Seyfarth Synopsis:  SCOTUS asked revealing questions in yesterday’s Acheson v. Laufer oral argument, but left attendees wondering whether the Court will provide much-needed guidance on the so-called “tester standing” issue for which it granted certiorari.

The U.S. Supreme Court (SCOTUS) heard oral argument yesterday in a case arising under Title III of the Americans with Disabilities Act (ADA) for the first time in eighteen years to decide whether a “self-appointed [ADA] tester” has standing to challenge a place of public accommodation’s alleged failure to provide legally required disability accessibility information on its website, even if she has no intention of visiting that business.  However, at least half of the argument focused on whether the Court should decide this issue at all because Plaintiff/Respondent Laufer dismissed the underlying lawsuit after SCOTUS granted Defendant/Petitioner’s request to consider the question.  

Some background is in order.  The Plaintiff/Respondent, Deborah Laufer, filed a lawsuit (one of over 600 similar lawsuits she had filed according to her Petition for Certiorari) alleging that she visited the website of the Defendant/Petitioner Acheson Hotel (“Acheson”), and found it was missing information regarding accessibility features of the hotel required by the ADA.  She admittedly had no intention of ever visiting the hotel and had reviewed the website for no reason other than to test its compliance with the ADA regulations.  

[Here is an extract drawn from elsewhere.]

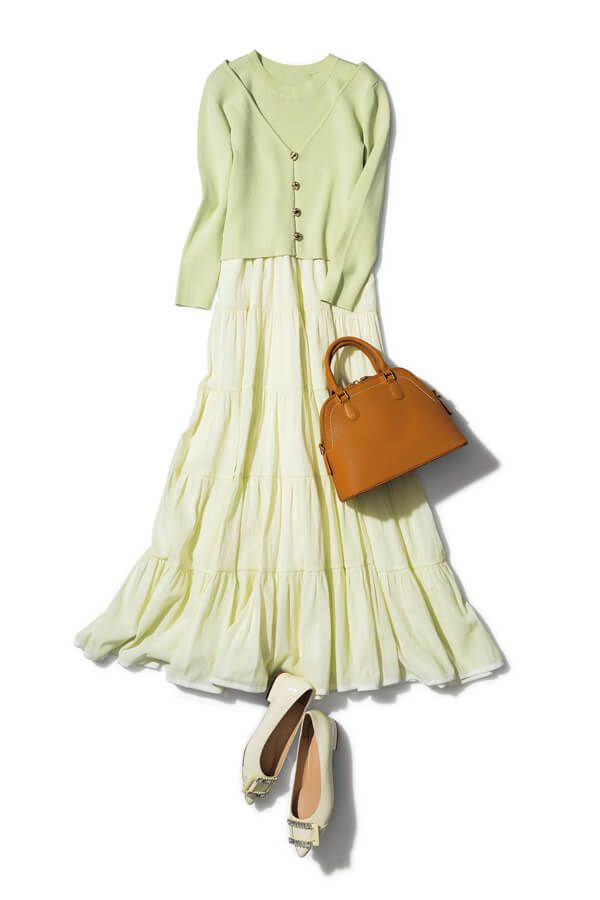 カーディガン付きワンピース¥25,300/アプワイザー•リッシェ バッグ¥2,990/神戸レタス 靴¥7,700/オリエンタルトラフィック(ダブルエー)

The district court concluded that encountering the ADA violation without any intent to visit the hotel was not sufficient for Laufer to establish the injury required for her to have standing to pursue the case.  The U.S. Court of Appeals for the First Circuit disagreed and reversed, holding that an intent to visit the business was not necessary for standing.  Laufer’s encounter with the allegedly deficient information on the website was a sufficient injury to establish standing to sue, the First Circuit ruled.

After SCOTUS agreed to hear the case, Laufer dismissed her case in the district court and then asked SCOTUS to dismiss her case as moot.  Acheson vigorously opposed the request, arguing that Laufer had deliberately abandoned her claims to avoid a potential decision overturning the First Circuit’s very plaintiff-friendly standing precedent.  SCOTUS declined that request, stating that the issue of mootness would be considered at oral argument, along with the original question presented.  Then, on September 20, 2023, to further her mootness argument, Plaintiff filed a brief informing SCOTUS that the property at issue had been sold and Acheson no longer owned the hotel.

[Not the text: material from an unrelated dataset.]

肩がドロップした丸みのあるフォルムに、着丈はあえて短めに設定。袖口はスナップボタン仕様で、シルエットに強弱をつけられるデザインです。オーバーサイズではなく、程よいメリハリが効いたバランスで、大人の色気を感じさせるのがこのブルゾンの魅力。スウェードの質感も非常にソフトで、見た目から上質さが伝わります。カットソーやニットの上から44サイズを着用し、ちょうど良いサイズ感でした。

This was the state of play going into the oral argument yesterday, with counsel for Acheson, Laufer, and the United States presenting their arguments to the Court.

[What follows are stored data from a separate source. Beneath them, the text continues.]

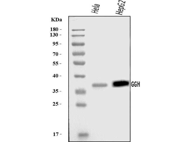 - Anti-GGH Antibody (ABIN7600902). Tested in ELISA, WB applications. This antibody reacts with Human. This is a premium antibody that guarantees superior quality, high affinity, and strong signals with minimal background in Western blot applications.
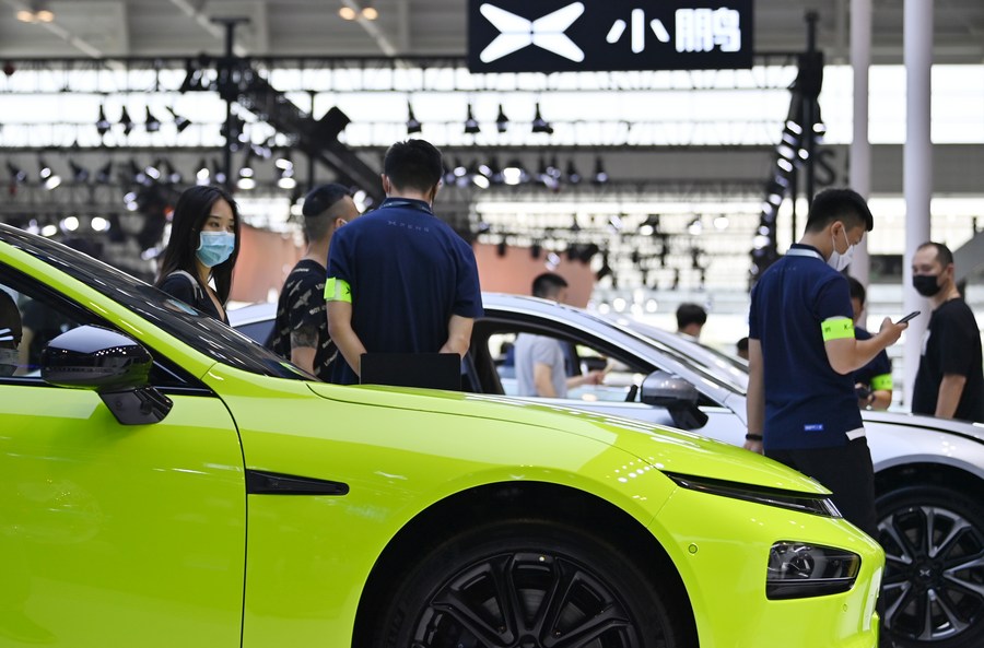 Visitors view cars from XPeng Motors during China (Tianjin) Auto Show 2021 in north China's Tianjin, Sept. 29, 2021. (Xinhua/Li Ran)
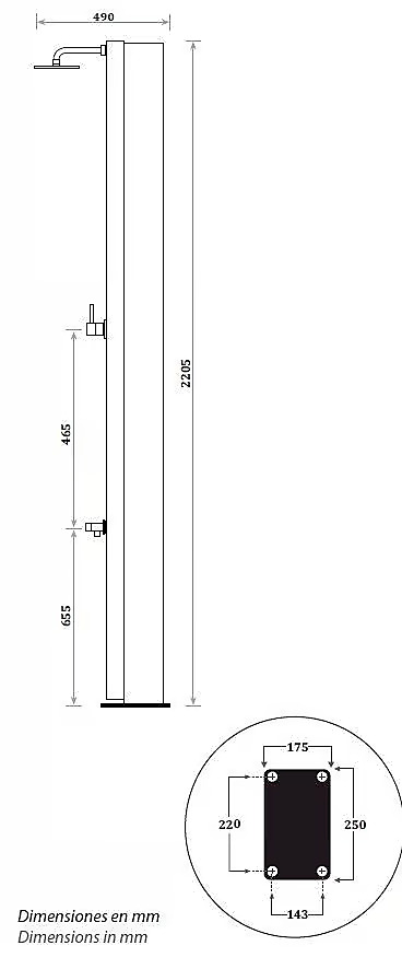 Solární sprchy CRM s objemem 30l a bočním 1/2" připojením na vodu. Provedení v lakované oceli. Balení obsahuje sadu k ukotvení.
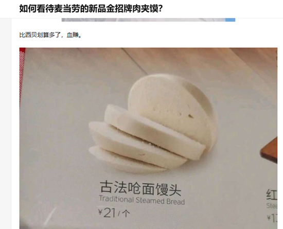 那么问题来了,如果非选择一个不可,你是愿意买麦当劳的金招牌肉夹馍,还是西贝的古法呛面馒头呢?
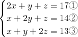 分析:先设□=x,△=y,○=z,根据题意列出方程2x+y+z=17①,x+2y+z=14②,x+y+2z=13③,然后用加减消元法和代入法解方程即可.
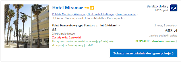 Proponujemy wylot do Valencii dwa dni przed meczem (poniedziałek 25.11) z Warszawy za 133 zł REZERWUJ====>.
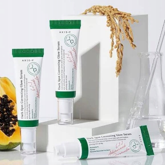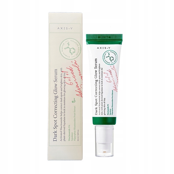 Axis-Y Dark Spot Correcting Glow Serum — усовершенствованная сыворотка, созданная для ухода за кожей с обесцвеченными пятнами. Формула содержит 5% ниацинамида, обладающего антиоксидантными и осветляющими свойствами. Глутатион помогает осветлить пигментные пятна, а гиалуронат натрия смягчает, придает эластичность и разглаживает кожу. Сквалан питает, а аргинин интенсивно увлажняет кожу.

The two issues that dominated the argument were:

  1. Should the Court address whether Laufer had standing as a tester or simply declare the matter moot and not address the standing issue?
  2. On the standing question, when has a plaintiff suffered an injury sufficient to have standing when the violation is on a website?

Justice Thomas teed up a vigorous round of questioning by almost all the Justices on the mootness issue by asking Acheson’s counsel why the Court should decide the standing issue now that the case is moot.  Justices Sotomayor, Jackson, and Kagan seemed most inclined to declare the matter moot and not address the tester standing issue.  Justice Kagan said it felt “unjudicial” to consider a case that was “dead as a doornail” and said the case was “dead, dead, dead” in “all the ways a case can be dead.” 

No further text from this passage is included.